Вспоминая это, я смотрел, как он снял черный плащ, оставшись в замечательном синем пиджаке с золотыми пуговицами, потом расстегивал боты, расчесывал пушистые усы... Мне он сразу понравился. Нравится он мне и сейчас, после всего, что произошло.

Он пошел по комнате и вдруг увидел меня за шкафом.

— Та-ак, — сказал он, — те же, вбегает граф.

Мы с благодарностью приняли его легкий тон.

— Раз уж попались, — говорил он, — будете натирать пол. Я давно уже собираюсь...

Потом мы сидели, все трое, и молча пили чай. Я вдруг хрипло проговорил:

— Может, с моей стороны это нахальство, но масла у вас нет?

Он засмеялся, принес из кухни масло.

И только когда я вышел на улицу, только тогда страшно перетрухнул — и то больше не за настоящее, а за будущее. Я уже чувствовал, что это так не кончится.
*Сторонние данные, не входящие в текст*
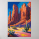 A striking desert landscape showcasing towering red rock formations and sunlit cactus scenery, painted in bold and warm tones.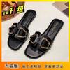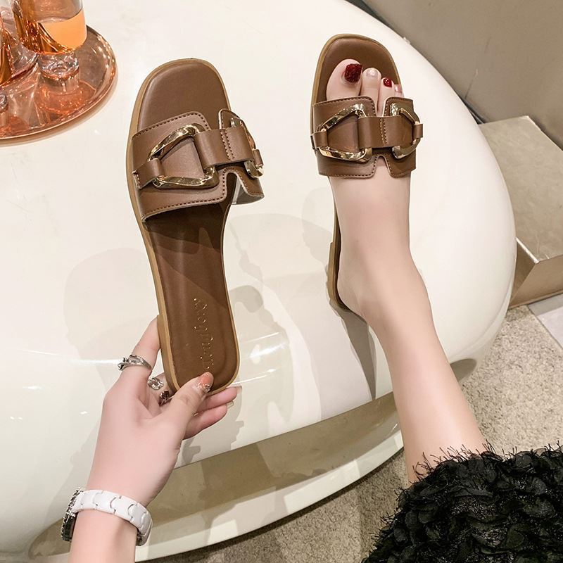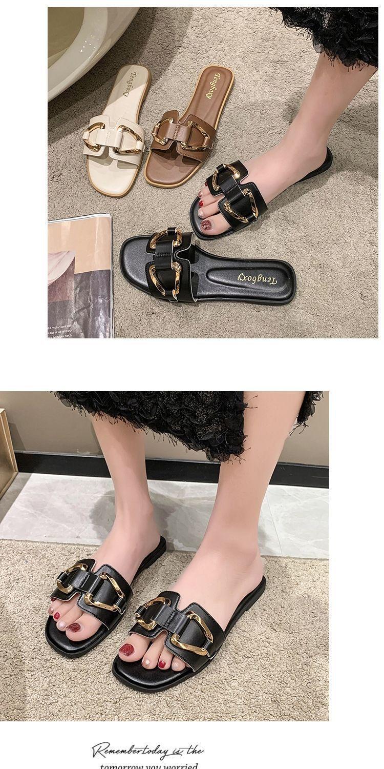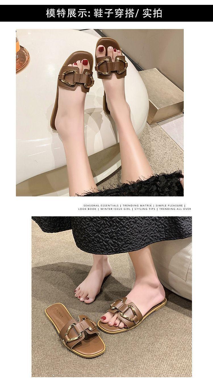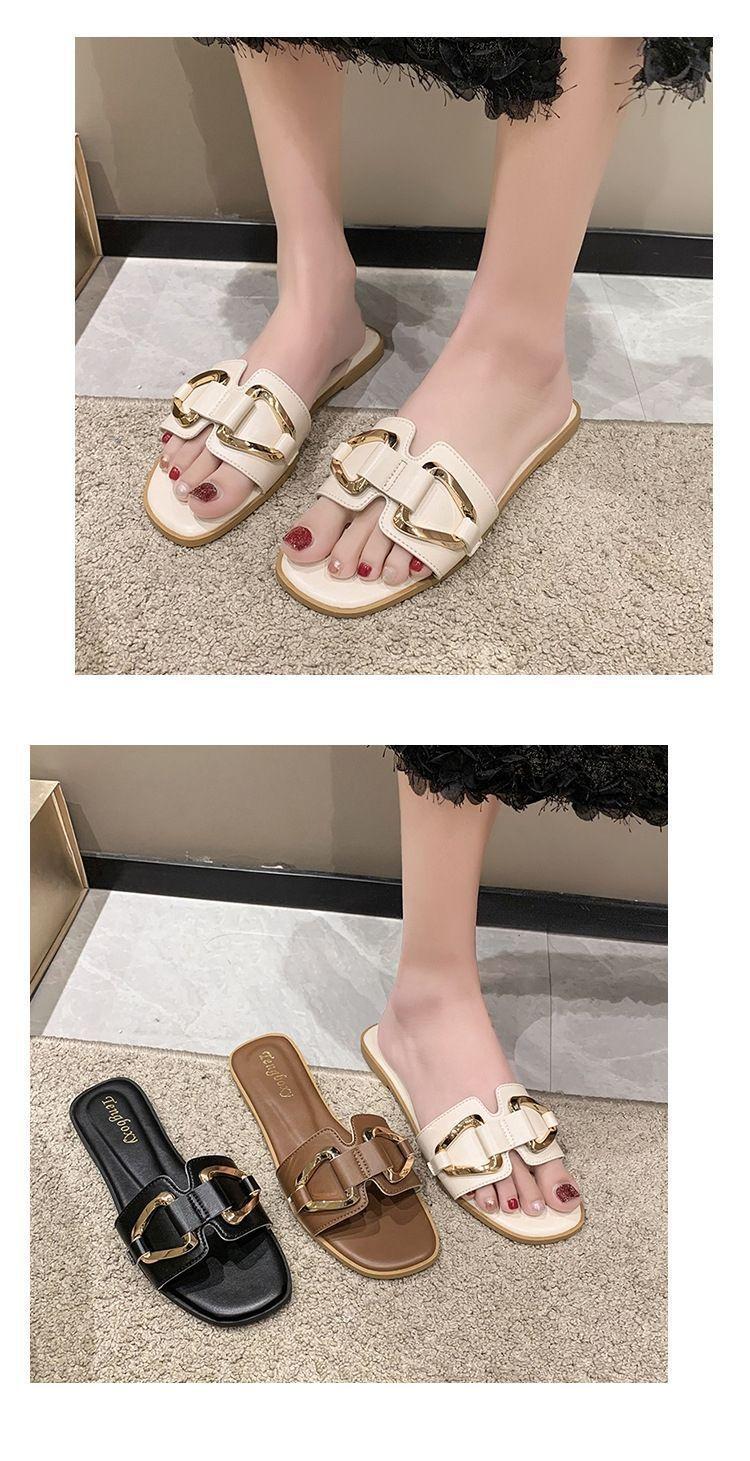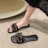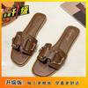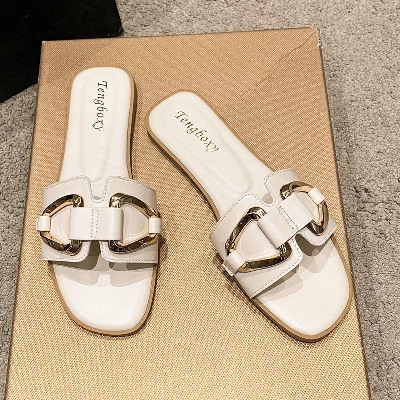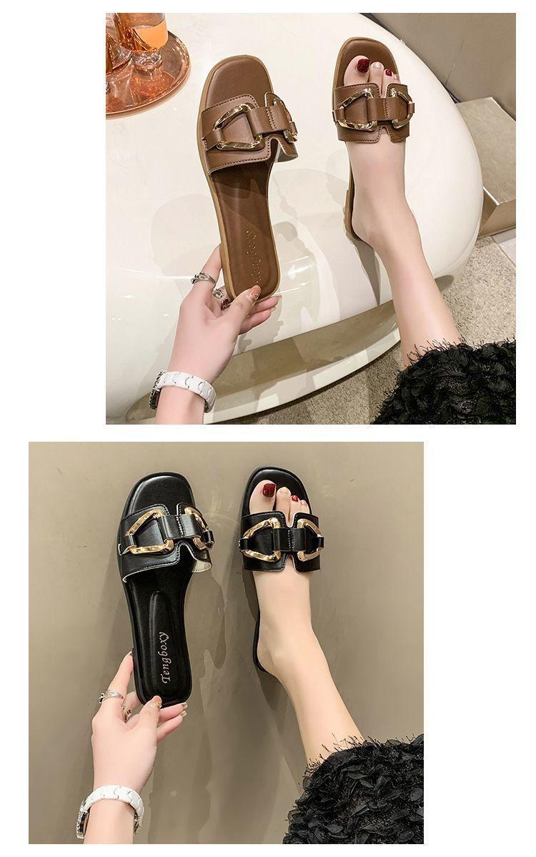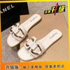 Chinelo Tamanho Grande Feminino para Comércio Exterior Transfronteiriço Mulheres 2025 Novo Estilo Verão Feminino Calçado de Exterior Fivela de Metal Sola Macia Chinelos de Uma Tira Bico Quadrado Chinelos Frescos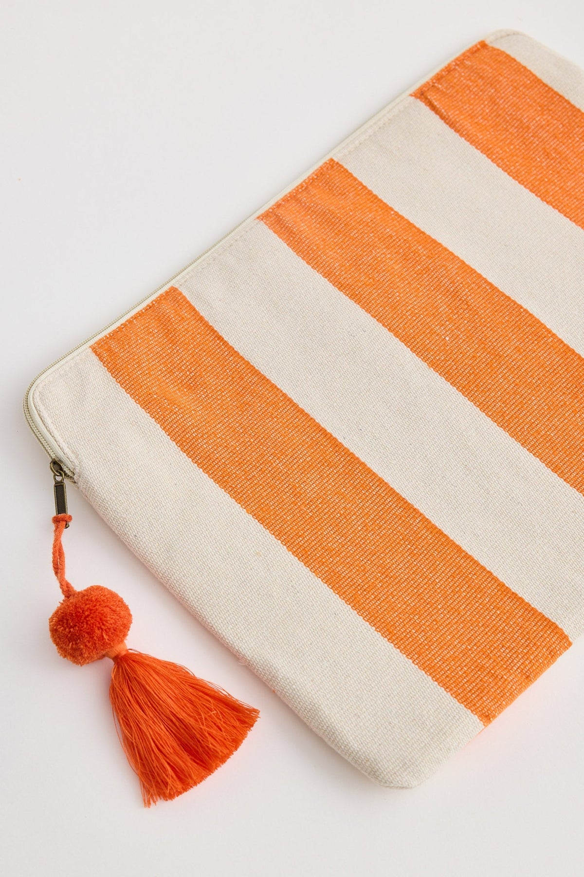 Striped pouch with orange and white pattern and tassel on a light gray background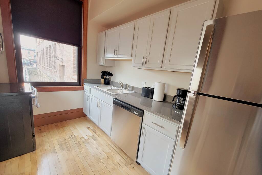 This studio comfortably sleeps 2 people on a king size bed. Spacious open area offers original flooring, high ceilings, large windows with lots of natural light, and tons of character. Our modern kitchen boasts granite countertops and stainless-steel appliances. Convenient in unit washer and dryer are provided. Wi-Fi and secured bike storage included. In walking distance to local attractions, coffee shops, restaurants, brewery, bars, movie theater, parks and walking/biking trails, Mississippi River, Winona State University and more! Have a larger group? Rent more than one room at a time. The whole first floor and part of the second floor are short-term rentals! To view other listings simply click on our profile and see 'other listings'.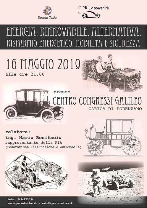 L’approfondimento sulla mobilità elettrica alle soglie del terzo millennio è previsto alle ore 21 al Centro Congressi Galileo a Gariga di Podenzano. Relatore della serata: Ing. Mario bonifacio.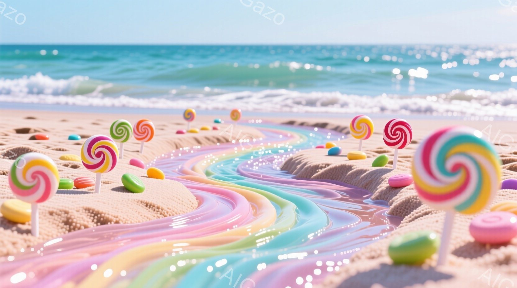 砂浜に虹色のキャンディが流れるような奇妙な光景が広がっている。キャンディは渦巻き状の棒付きキャンディや小さな粒状のキャンディで構成され、まるで道のように砂浜を蛇行している。背景には穏やかな青い海と、明るい晴天が広がり、幻想的で遊び心のある雰囲気を醸し出している。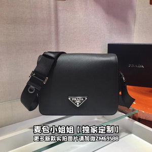PRADA Bag Top version Latest Men Messenger Bag Imported Original Single Cross Pattern Cowhide Retro Fashion Casual Saddle Bag Nylon Shoulder Strap Flap Bag Flap Bag Backpack Shoulder Bag Messenger Bag Men's Bag Men's Bag2VD038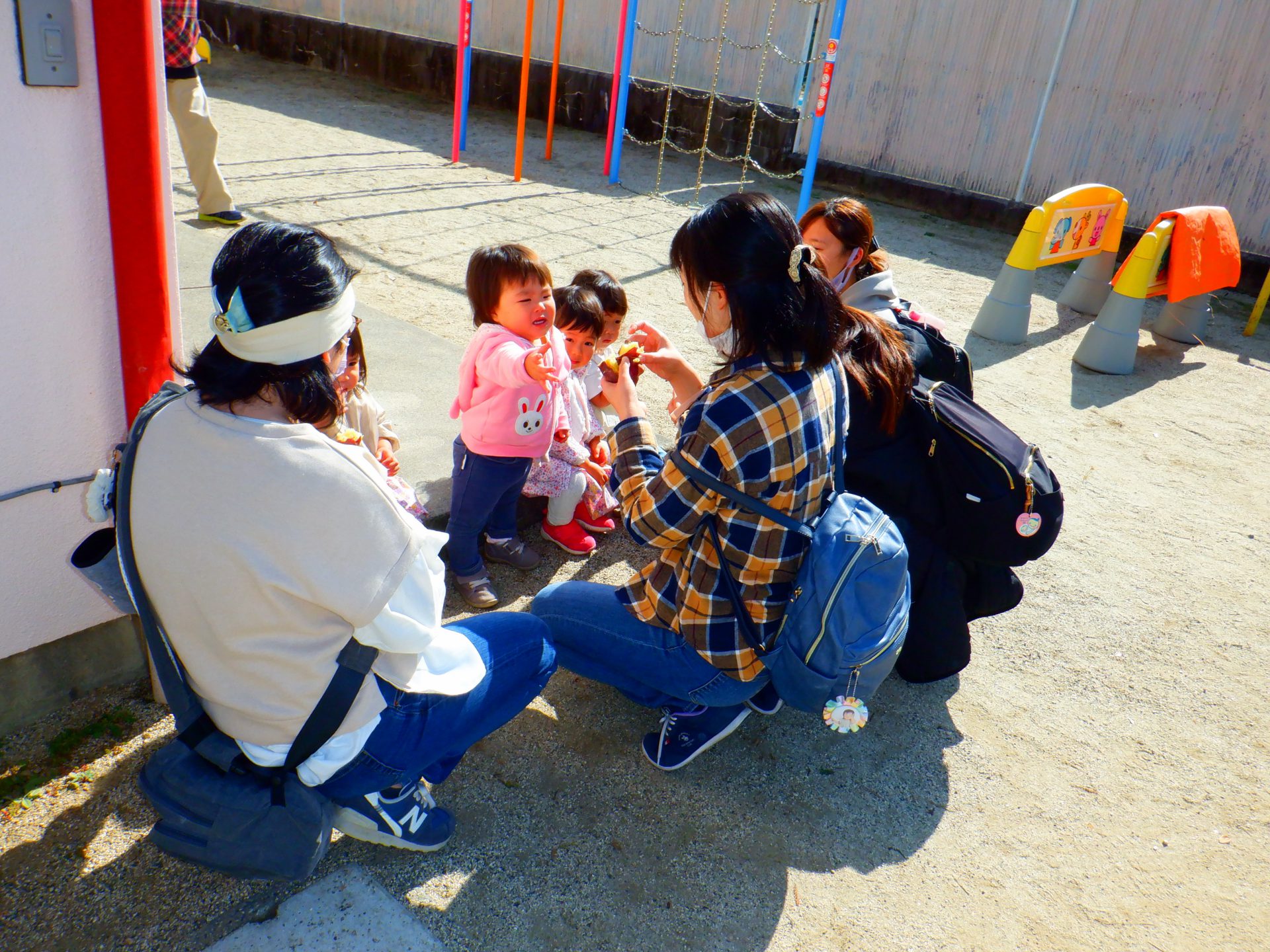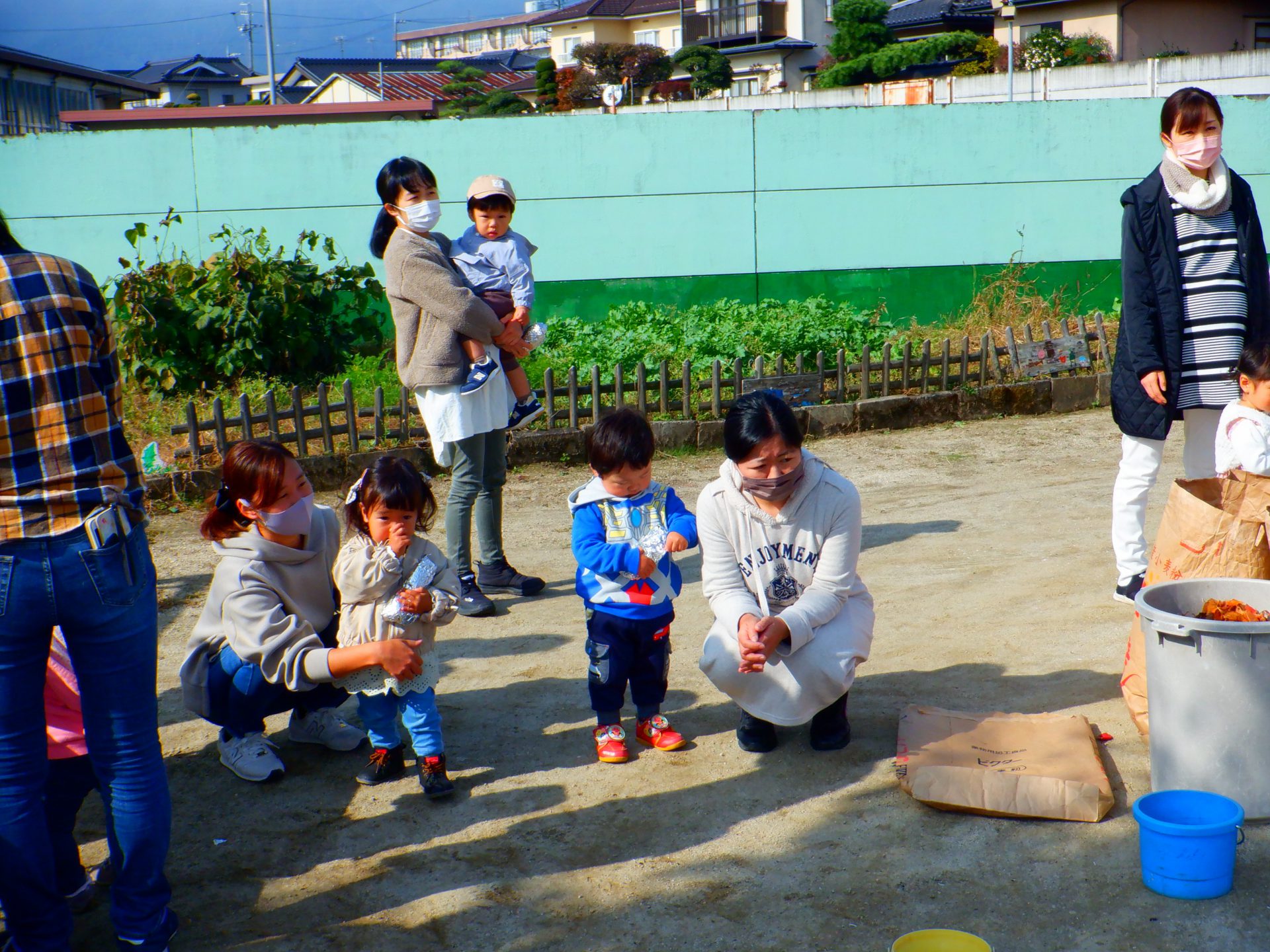 ・薪拾いから、焼き芋準備まで子どもと共に行い、子どもが自分たちで「焼き芋大会」をしたと実感できたと思う。ひよこの会の小さいお友だちにも喜んでもらえてよかった。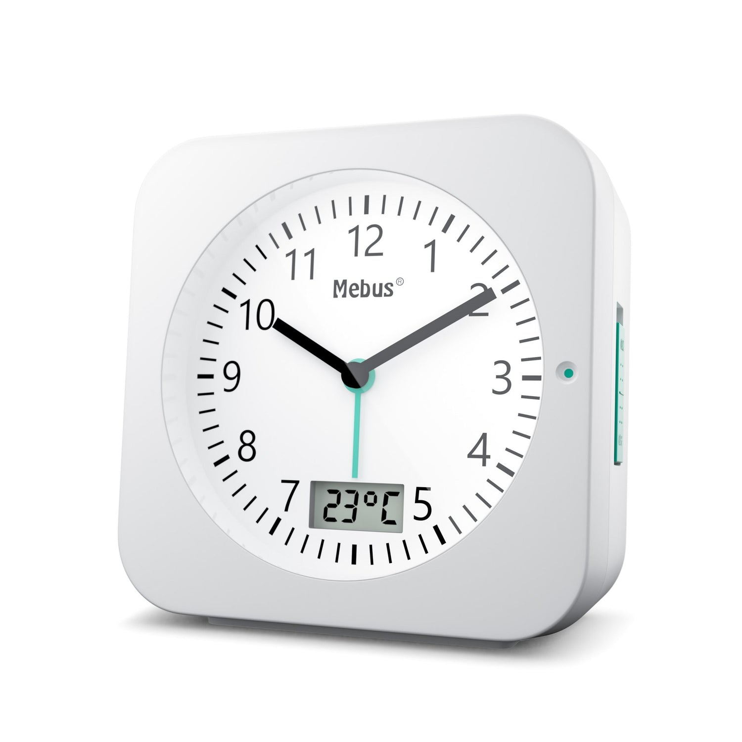 Mebus 25610. Tipo: Reloj despertador digital, Color del producto: Blanco, Formato de hora: 12h. Tipo de visualizador: Analógica. Fuente de energía: Batería, Tipo de batería: AA, Voltaje de la pila: 1,5 V. Ancho: 94 mm, Altura: 93 mm, Profundidad: 30 mm. Cantidad por paquete: 1 pieza(s)

И действительно, весь день ходил как больной, а наутро снова к ней явился.

И понеслось! С этого дня мы стали звонить друг другу непрерывно, каждый день, сначала еще под разными предлогами, а потом уже и без предлогов, и все ходили, говорили.

— Мне кажется, — говорила она, поворачиваясь на ходу, — вам все должны завидовать. Вы прямо как Моцарт. Вам все так легко дается.

Я что-то не замечал, чтобы я был как Моцарт, но мне становилось хорошо.

Конечно, я понимал, что у меня выигрышное амплуа, что я сразу же получаюсь романтиком и отчаянной головой, а муж совершенно автоматически выходит занудой и ханжой. Эта фора, не скрою, несколько меня беспокоила.

— Володька — он очень хороший, — говорила она, рассеянно улыбаясь, — талантливый. Но, кроме его чертовых синкоп, ему все до феньки. Вчера пришел грустный — ну, думаю, что-то его проняло. Наконец-то! А он ложится спать и говорит: «Сейчас играли с Клейнотом би-боп, и я вышел из квадрата. Не выдержал темпа». Ах ты, думаю, зараза! Вся печаль нынче в том, что мужики забывают о своей извечной роли — кормильцев, делают себе то, что им интересно...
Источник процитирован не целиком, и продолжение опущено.